I tossed Morph and then Evik quick glances. We worked well together, but only because we made a plan, executed said plan, and then we ‘got the hell out of Dodge’, as they said in Old-Earth-speak.
“We’re not exactly the types.” I smiled at her, knowing my mouth would spread just a little too wide to look exactly human. And if she peeked behind my ears, she’d see the three small, sharp lines. Flaps, opening and closing gently. A mutation, after years of interspecies breeding. The air on my home planet had a higher concentration of carbon dioxide than Earth. Adaptation came with the territory.
No. Evik made a single click, agreeing with me. I tried to ignore the accompanying scent wafting from the Chilchek.
Morpheus said nothing.
The girl crossed her arms and frowned, a little wrinkle forming between her perfectly formed eyebrows.
“Blue, just wait a minute.” The woman bit her lower lip, shuffling her feet uncomfortably. Then she squared her shoulders and tried to look tough. She’d have managed it too, if she wasn’t shorter than literally everyone around her and had the kind of face you program into a pleasure unit to get your space rocks off to. Nebula-blue eyes, pink pouting lips, and long sunrise-gold hair swept over her shoulder in a tight braid. It took all my willpower not to stare at her hungrily, given that the tight black suit left little to the imagination. If her breasts were that pert beneath the Kevlar…
Maybe I wouldn’t mind being on a ship with her. Close quarters.

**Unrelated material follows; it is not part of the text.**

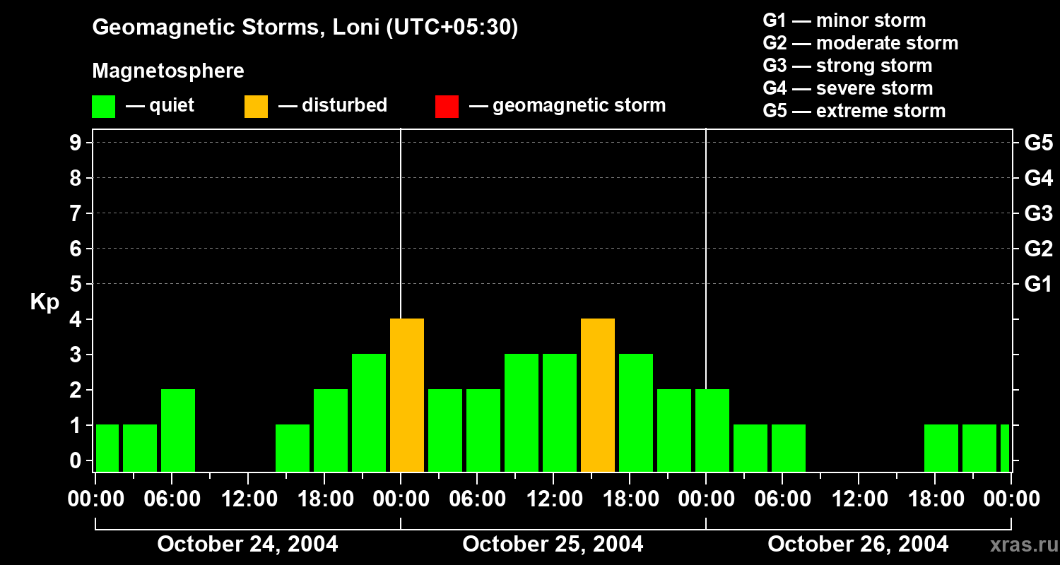 Changes in the geomagnetic index Kp from October 24 to 26, 2004 for mid latitudes

Only so much to do. Eventually, we’d run out of things to talk about. And then, I might see exactly what she looked like underneath the tight suit.

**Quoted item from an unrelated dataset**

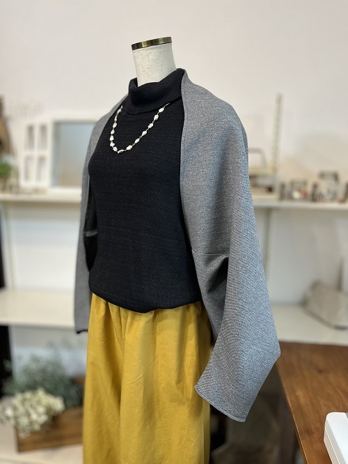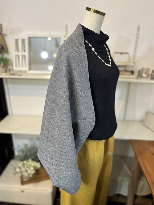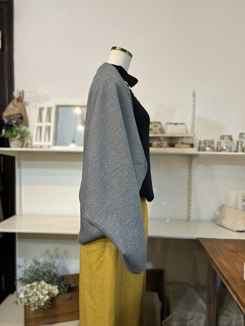 袖を通せるので脱げにくく、肌寒い日の羽織りものに重宝します。

I shoved my hands into my pockets, fingers playing with the miniature atomizer sewn into the inner seam. Even the best security officers typically missed that hidden dandy. It had gotten me out of a fair few scuffles. I didn’t think I’d need it now; the woman seemed like she could hold her own in a fight, but not against three of us. Besides, I’d rather see her cuffed in my bed versus cuffed in a Galaxia police cell.

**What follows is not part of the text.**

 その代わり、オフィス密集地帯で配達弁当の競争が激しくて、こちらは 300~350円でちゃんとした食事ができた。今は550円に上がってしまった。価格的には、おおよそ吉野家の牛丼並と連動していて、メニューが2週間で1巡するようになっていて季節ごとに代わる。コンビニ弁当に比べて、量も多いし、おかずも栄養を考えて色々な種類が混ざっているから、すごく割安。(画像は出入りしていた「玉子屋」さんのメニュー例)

“Wait, listen. I can make it worth your while. Just hear me out.” Her ocean gaze passed over each of our faces, hope and hopelessness alternating in her expression.
“No crew.” Morpheus sat back down, his iridescent flight prosthetics brushing the floor with a cringey screech. Automatically, he raised them a fraction, tucking the lower two wings higher beneath the uppers.
“Blue, dammit, just hold on.” She pressed her index finger to her right ear momentarily, as if that could block out the noise
that was distracting her. She took a step forward, a taint of desperation seeping into her speech, though she quickly controlled herself again. “Look, I’m alone. I have no one. I can’t get back home, and I need to survive here. I’ve been making ends meet, selling enough to get by, but if I had a crew, I know I could turn a profit that would make your gambling take look like table scraps. I’ve been doing this since I was a kid. I’ve got the chops and I’ve got one hell of a ship.”
“You’re trying to build your cocoon in the wrong tree, lady.” Morpheus didn’t even look at her when he spoke, two of his four jointed arms wrapped around a steaming mug of fish oil. He’d eat about anything smaller than he was, which opened up a wide damn world of cuisine, but he’d found aquatic fare to be his favorite. Which meant eating with him smelled like a fish market back home.
I shrugged, glancing away from Morpheus and back at the woman. Evik had been quiet since his singular ‘no’ earlier.
“Look, Morph’s got a nose for these things. If he’s not interested—”
She cut me off, taking another step forward so that she was so close I could smell her. Floral notes and spice. If she smelled like that, I couldn’t help but wonder what she tasted like.
“Well, I’ve got a nose for conmen and I know the way to the security deck.”